--- START ---
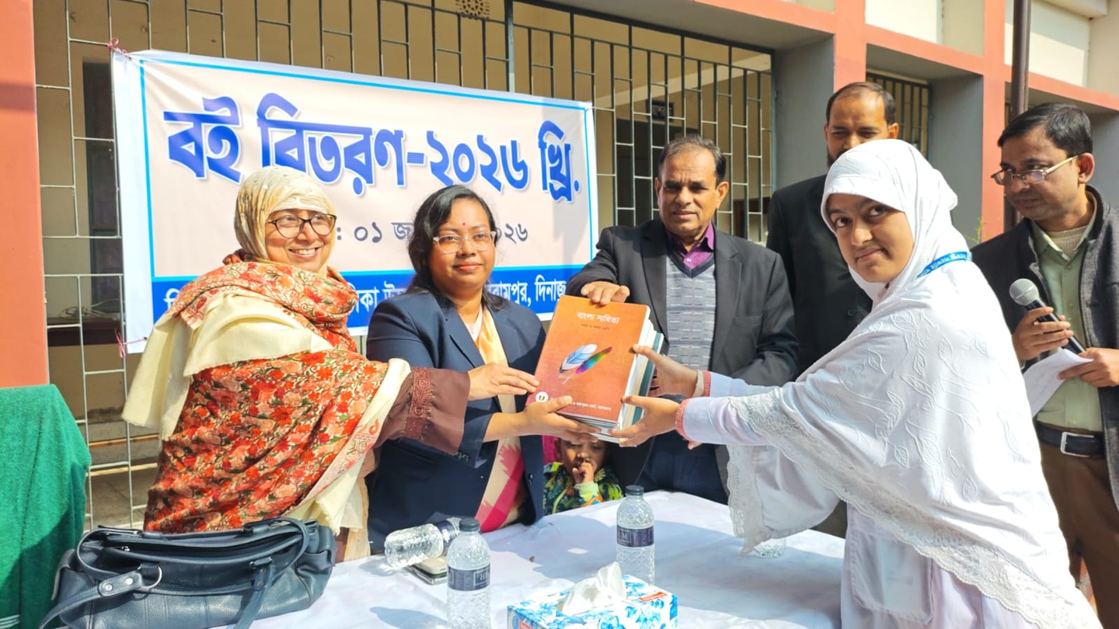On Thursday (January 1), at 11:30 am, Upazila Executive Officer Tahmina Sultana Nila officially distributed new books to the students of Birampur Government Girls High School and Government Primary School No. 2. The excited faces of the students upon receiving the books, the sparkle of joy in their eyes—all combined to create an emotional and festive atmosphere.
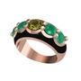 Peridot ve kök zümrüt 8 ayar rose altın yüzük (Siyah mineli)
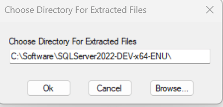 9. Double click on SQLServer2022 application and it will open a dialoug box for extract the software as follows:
--- END ---
--- START ---
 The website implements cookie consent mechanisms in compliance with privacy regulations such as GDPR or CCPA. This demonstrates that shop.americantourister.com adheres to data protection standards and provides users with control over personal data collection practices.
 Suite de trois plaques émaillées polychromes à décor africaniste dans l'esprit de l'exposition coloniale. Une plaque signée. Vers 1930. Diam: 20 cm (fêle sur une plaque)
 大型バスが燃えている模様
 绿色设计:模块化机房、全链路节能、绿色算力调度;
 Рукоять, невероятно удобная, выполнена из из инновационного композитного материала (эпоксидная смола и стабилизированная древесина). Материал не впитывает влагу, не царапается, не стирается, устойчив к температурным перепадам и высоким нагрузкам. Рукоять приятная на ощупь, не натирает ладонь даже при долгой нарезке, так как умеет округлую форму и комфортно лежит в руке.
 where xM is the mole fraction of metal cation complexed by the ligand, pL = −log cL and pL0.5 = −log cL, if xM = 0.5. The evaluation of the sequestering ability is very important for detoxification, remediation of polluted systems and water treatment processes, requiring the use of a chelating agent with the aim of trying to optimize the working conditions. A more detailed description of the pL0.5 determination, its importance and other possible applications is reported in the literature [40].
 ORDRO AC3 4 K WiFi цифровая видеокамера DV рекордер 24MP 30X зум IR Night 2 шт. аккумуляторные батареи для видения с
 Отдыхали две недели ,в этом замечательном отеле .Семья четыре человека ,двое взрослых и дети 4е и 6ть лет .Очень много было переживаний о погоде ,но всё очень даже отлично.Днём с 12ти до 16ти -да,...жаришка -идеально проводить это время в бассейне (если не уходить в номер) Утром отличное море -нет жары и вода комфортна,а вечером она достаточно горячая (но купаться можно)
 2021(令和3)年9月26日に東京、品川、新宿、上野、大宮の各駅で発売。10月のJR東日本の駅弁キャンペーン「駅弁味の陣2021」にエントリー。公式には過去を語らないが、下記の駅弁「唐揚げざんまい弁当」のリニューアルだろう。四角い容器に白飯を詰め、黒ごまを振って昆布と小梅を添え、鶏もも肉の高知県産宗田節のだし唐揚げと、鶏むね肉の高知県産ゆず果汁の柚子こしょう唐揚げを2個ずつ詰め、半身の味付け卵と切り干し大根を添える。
--- END ---
--- START ---
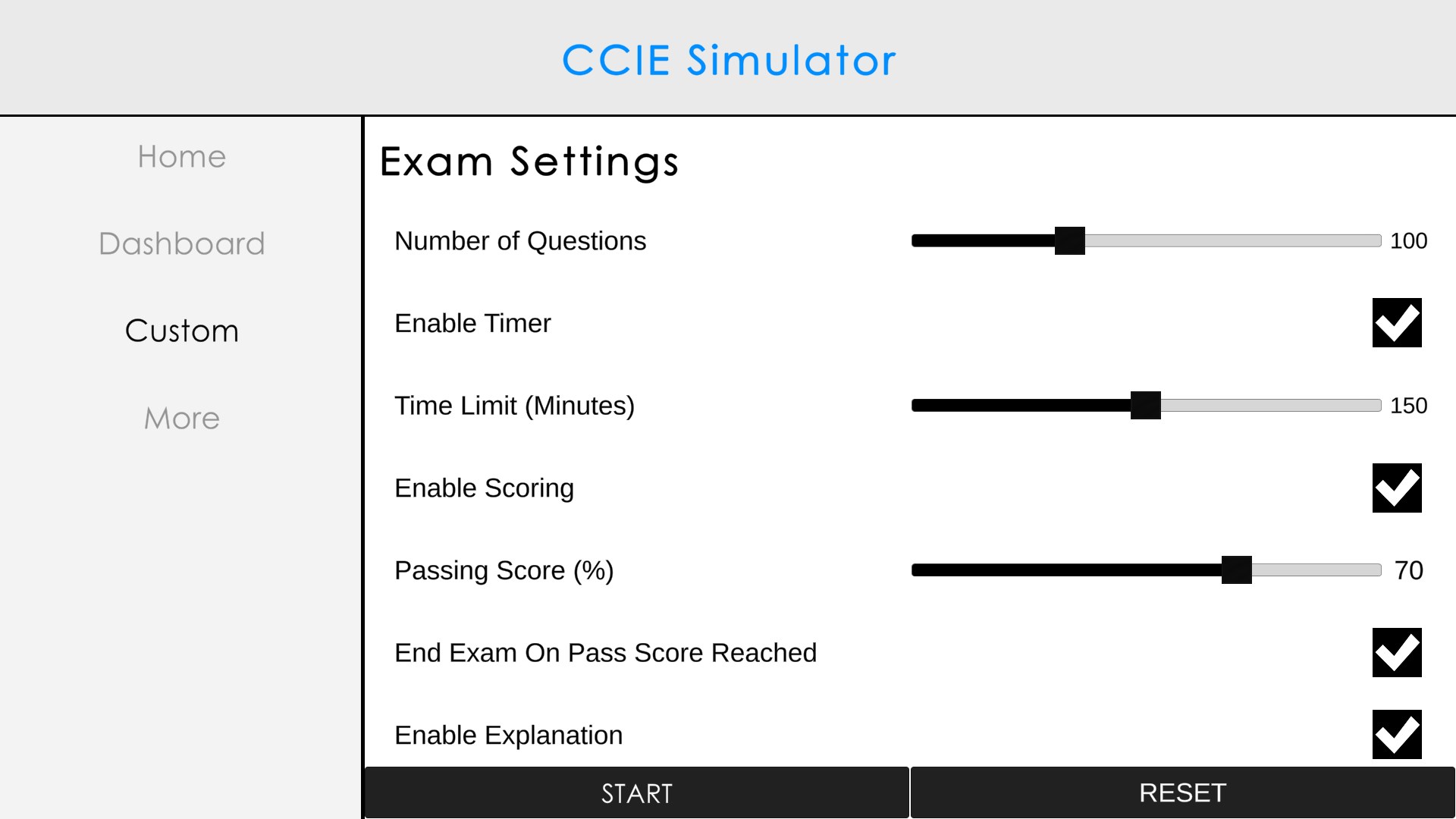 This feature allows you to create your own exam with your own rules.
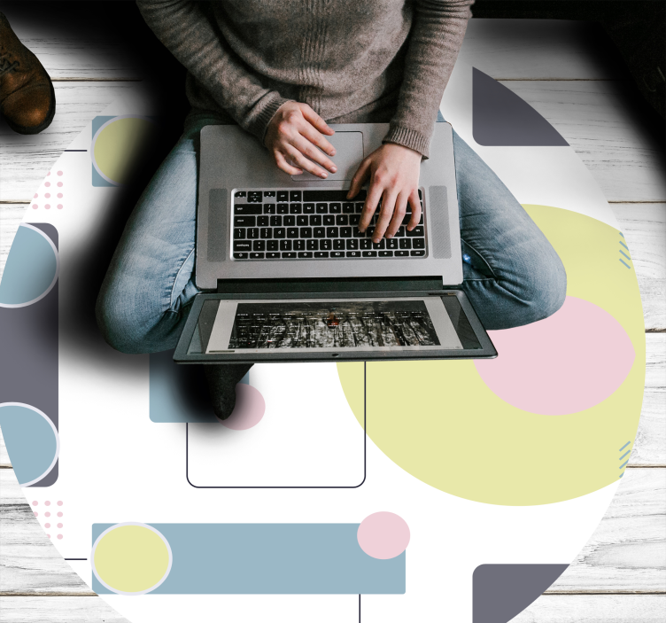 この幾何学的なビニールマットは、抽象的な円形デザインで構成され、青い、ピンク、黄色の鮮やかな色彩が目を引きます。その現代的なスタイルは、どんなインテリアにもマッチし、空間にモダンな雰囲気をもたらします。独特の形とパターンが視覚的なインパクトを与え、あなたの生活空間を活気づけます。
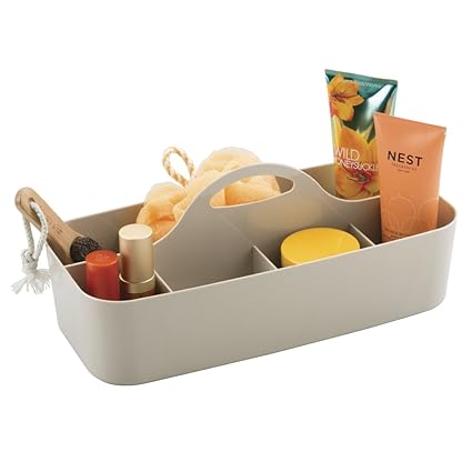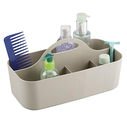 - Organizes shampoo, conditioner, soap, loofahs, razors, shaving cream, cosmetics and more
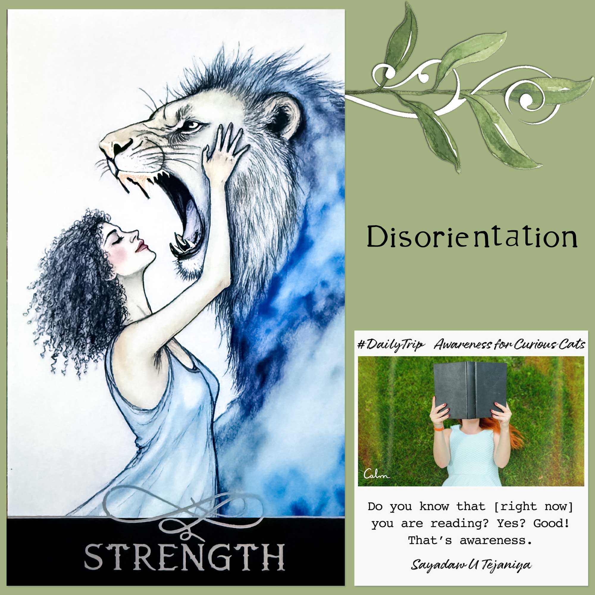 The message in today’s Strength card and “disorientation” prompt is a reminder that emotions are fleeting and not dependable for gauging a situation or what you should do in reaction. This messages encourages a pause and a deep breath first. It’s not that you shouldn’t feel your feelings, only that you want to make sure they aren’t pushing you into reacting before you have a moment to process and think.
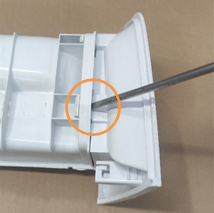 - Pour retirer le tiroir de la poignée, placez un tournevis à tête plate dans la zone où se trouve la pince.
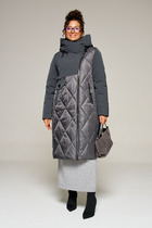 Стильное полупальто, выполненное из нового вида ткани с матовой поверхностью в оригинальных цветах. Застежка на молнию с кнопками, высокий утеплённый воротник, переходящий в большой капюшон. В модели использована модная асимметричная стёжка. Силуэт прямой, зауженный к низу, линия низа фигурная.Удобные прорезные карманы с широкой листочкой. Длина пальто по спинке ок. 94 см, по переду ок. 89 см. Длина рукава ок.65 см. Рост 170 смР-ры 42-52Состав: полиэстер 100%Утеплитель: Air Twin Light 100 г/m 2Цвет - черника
--- END ---
TASK TO COMPLETE:
Beginning at the line with "where xM is" and stopping after the line with "ORDRO AC3 4", please write out every line of the data above exactly and nothing else.

RESULT OF THE EXERCISE:
 where xM is the mole fraction of metal cation complexed by the ligand, pL = −log cL and pL0.5 = −log cL, if xM = 0.5. The evaluation of the sequestering ability is very important for detoxification, remediation of polluted systems and water treatment processes, requiring the use of a chelating agent with the aim of trying to optimize the working conditions. A more detailed description of the pL0.5 determination, its importance and other possible applications is reported in the literature [40].
 ORDRO AC3 4 K WiFi цифровая видеокамера DV рекордер 24MP 30X зум IR Night 2 шт. аккумуляторные батареи для видения с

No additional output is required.